Scott Walters, OD, president of the Oregon Optometric Association, said that managed care and hospital access were the primary factors that prompted the state’s vote to pass the resolution. “Oregon is heavily penetrated by managed care,” he said. “The state has allowed us to say that we are board-certified just by license, but in my opinion, that doesn’t lend any credibility. We felt the idea the task force came up with is more credible and more defendable as a true certification process. Also, more and more of the same managed care organizations are asking for hospital privileges.

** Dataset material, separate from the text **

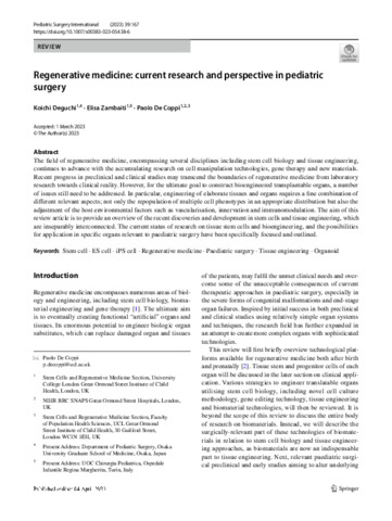 Title: | Regenerative medicine: current research and perspective in pediatric surgery |

To be on a hospital board and get privileges you almost have to be board certified.”

Anthony J. Adams, OD, PhD, president of the American Academy of Optometry (AAO) and dean of the School of Optometry, University of California at Berkeley, said that the AAO supports the project and hopes to play an active role in its development.

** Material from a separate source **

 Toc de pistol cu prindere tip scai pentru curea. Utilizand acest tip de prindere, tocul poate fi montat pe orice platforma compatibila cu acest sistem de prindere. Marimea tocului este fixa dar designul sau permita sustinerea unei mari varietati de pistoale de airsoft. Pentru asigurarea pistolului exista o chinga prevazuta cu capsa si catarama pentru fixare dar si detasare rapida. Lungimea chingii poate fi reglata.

“The AAO has always been interested in quality of practice, its measurement and its advancement,” Dr. Adams said in an interview with Primary Care Optometry News. “The academy will work with the newly formed board to assure that the quality will be there, and the academy expects, as things evolve, to play a leadership role in any development of subsequent specialty certifications through its sections and resources of its diplomate programs. We certainly think it’s an appropriate step for the profession as a whole to take. There’s no hesitancy in that at all.”

The future of board certification

While the project has a basic foundation from which to build, Dr. McCall said that more of the specific details will be hammered out over the next several months. “If you are therapeutically certified, you will be issued a certificate once you meet the guidelines,” he stated. “We don’t know yet exactly what they will be; those guidelines are still to be tweaked. These criteria will be developed by the ABOP.”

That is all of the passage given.